Collection entries:

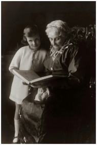 A heartwarming vintage photo of a grandmother reading to her granddaughter.
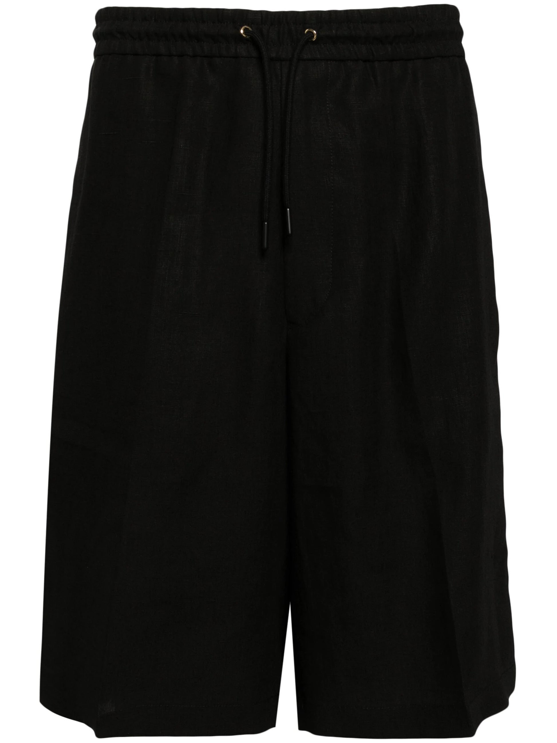 black linen/flax pleat detailing mid-rise elasticated drawstring waistband straight leg two side slit pockets rear jetted pocket knee-length
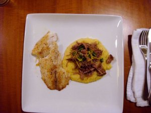 When the pork was tender and ready to be shredded and the grits were fluffy, K sautéed the tilapia in extra virgin olive oil. I added the citrus zest, cheese and a pat of butter to the grits and we were ready to enjoy the feast.
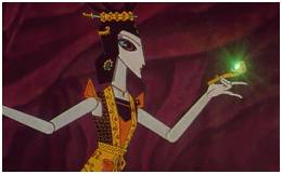 从五官来看,蛇精可能并不是汉族血统。那戳死人的锥子下巴,棱角分明的面部线条,青绿色的肤色和那充满韵律的舞蹈风格……你是不是也联想到另外一个国家:印度。
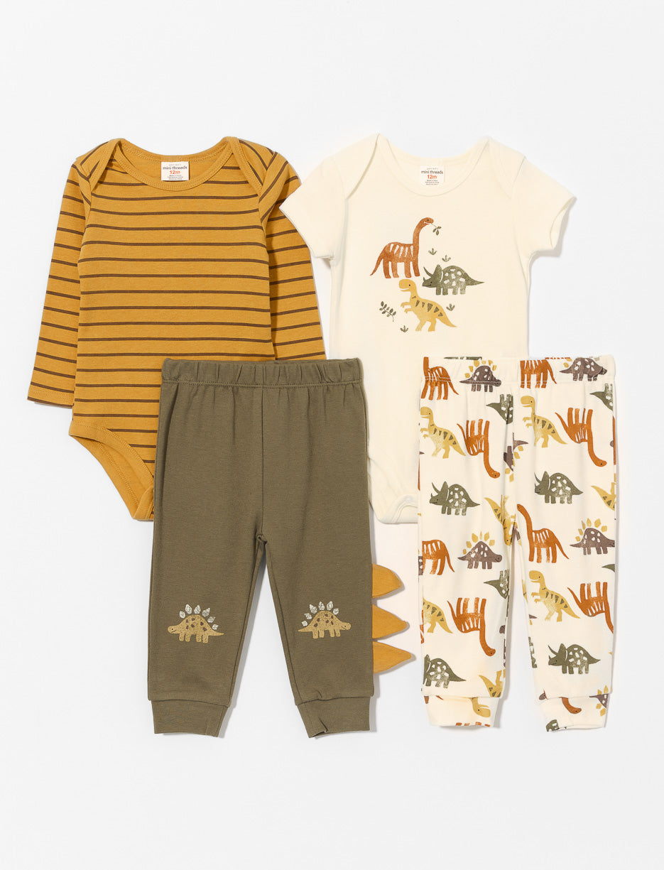 Craquant et pratique, cet ensemble 4 pièces accompagne bébé dans toutes ses aventures ! Avec ses motifs dinosaures et ses tissus doux, il assure confort et style à chaque mouvement.
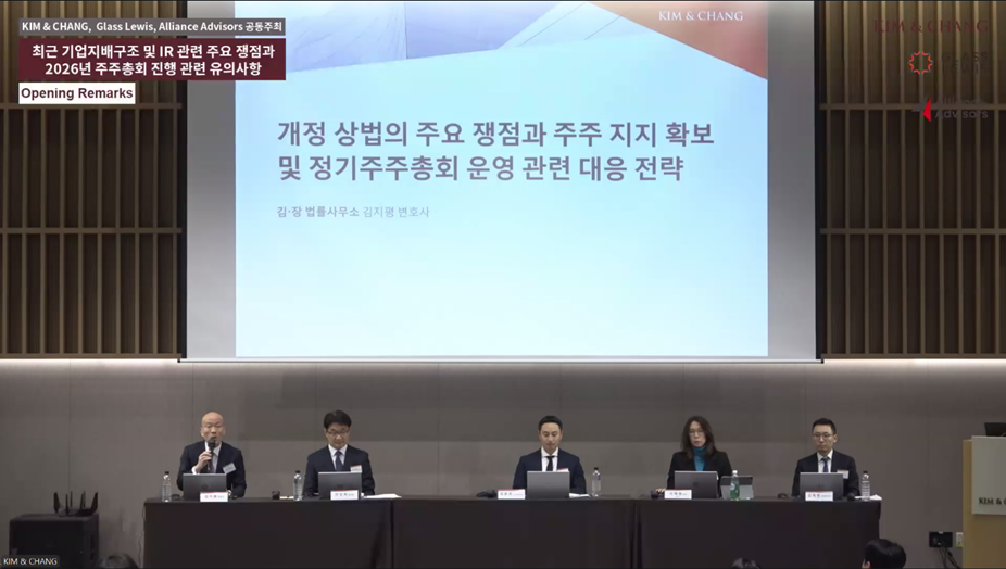 특히 상법 개정과 공시 강화 기조, 글로벌 기관투자자의 의결권 행사 기준 변화가 국내 기업지배구조에 미치는 구조적 영향을 다각도로 짚는 데 초점을 맞췄다.
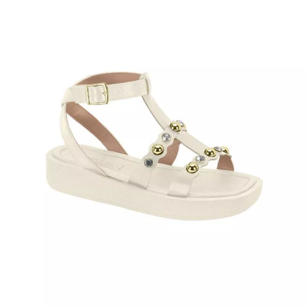 Sandalia Feminina Papete Flatform Conforto Macia Tachas Fivela Beira Rio
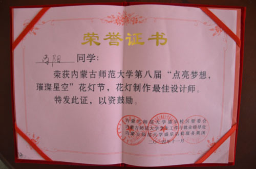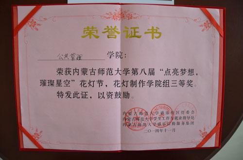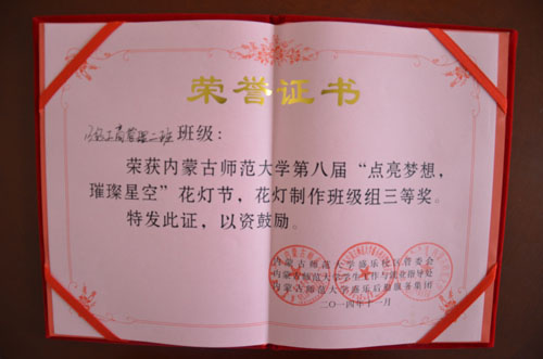 卡哇伊直播 经过近一个月的努力,完成了两件作品参加了本次花灯节,最终卡哇伊直播 获得了学院制作组第三名、2013级工商管理二班获得了班级制作组第三名的成绩。冯阳同学荣获制作最佳设计师称号。
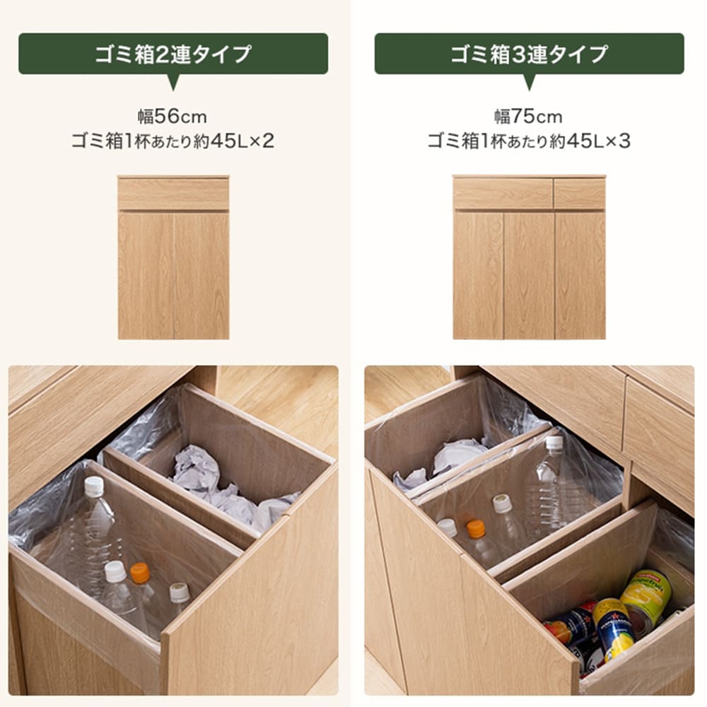 生活感を隠しながら、ゴミ箱1杯あたり45Lの大容量を確保し、生ゴミやプラスチックなどの分別がラクに行えます。
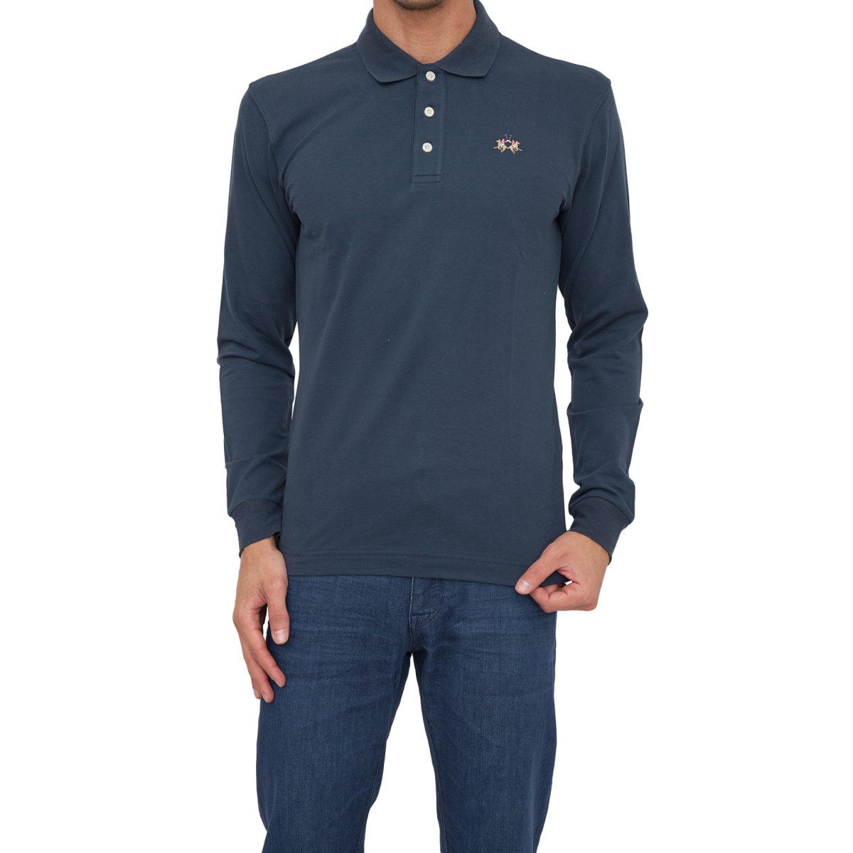 - Мужское поло LA MARTINA MAN POLO L/S PIQUET STRETCH BLU

Your goal: Where an entry holds a picture, leave the picture out and output the rest exactly.

Response to this task:
 A heartwarming vintage photo of a grandmother reading to her granddaughter.
 black linen/flax pleat detailing mid-rise elasticated drawstring waistband straight leg two side slit pockets rear jetted pocket knee-length
 When the pork was tender and ready to be shredded and the grits were fluffy, K sautéed the tilapia in extra virgin olive oil. I added the citrus zest, cheese and a pat of butter to the grits and we were ready to enjoy the feast.
 从五官来看,蛇精可能并不是汉族血统。那戳死人的锥子下巴,棱角分明的面部线条,青绿色的肤色和那充满韵律的舞蹈风格……你是不是也联想到另外一个国家:印度。
 Craquant et pratique, cet ensemble 4 pièces accompagne bébé dans toutes ses aventures ! Avec ses motifs dinosaures et ses tissus doux, il assure confort et style à chaque mouvement.
 특히 상법 개정과 공시 강화 기조, 글로벌 기관투자자의 의결권 행사 기준 변화가 국내 기업지배구조에 미치는 구조적 영향을 다각도로 짚는 데 초점을 맞췄다.
 Sandalia Feminina Papete Flatform Conforto Macia Tachas Fivela Beira Rio
 卡哇伊直播 经过近一个月的努力,完成了两件作品参加了本次花灯节,最终卡哇伊直播 获得了学院制作组第三名、2013级工商管理二班获得了班级制作组第三名的成绩。冯阳同学荣获制作最佳设计师称号。
 生活感を隠しながら、ゴミ箱1杯あたり45Lの大容量を確保し、生ゴミやプラスチックなどの分別がラクに行えます。
 - Мужское поло LA MARTINA MAN POLO L/S PIQUET STRETCH BLU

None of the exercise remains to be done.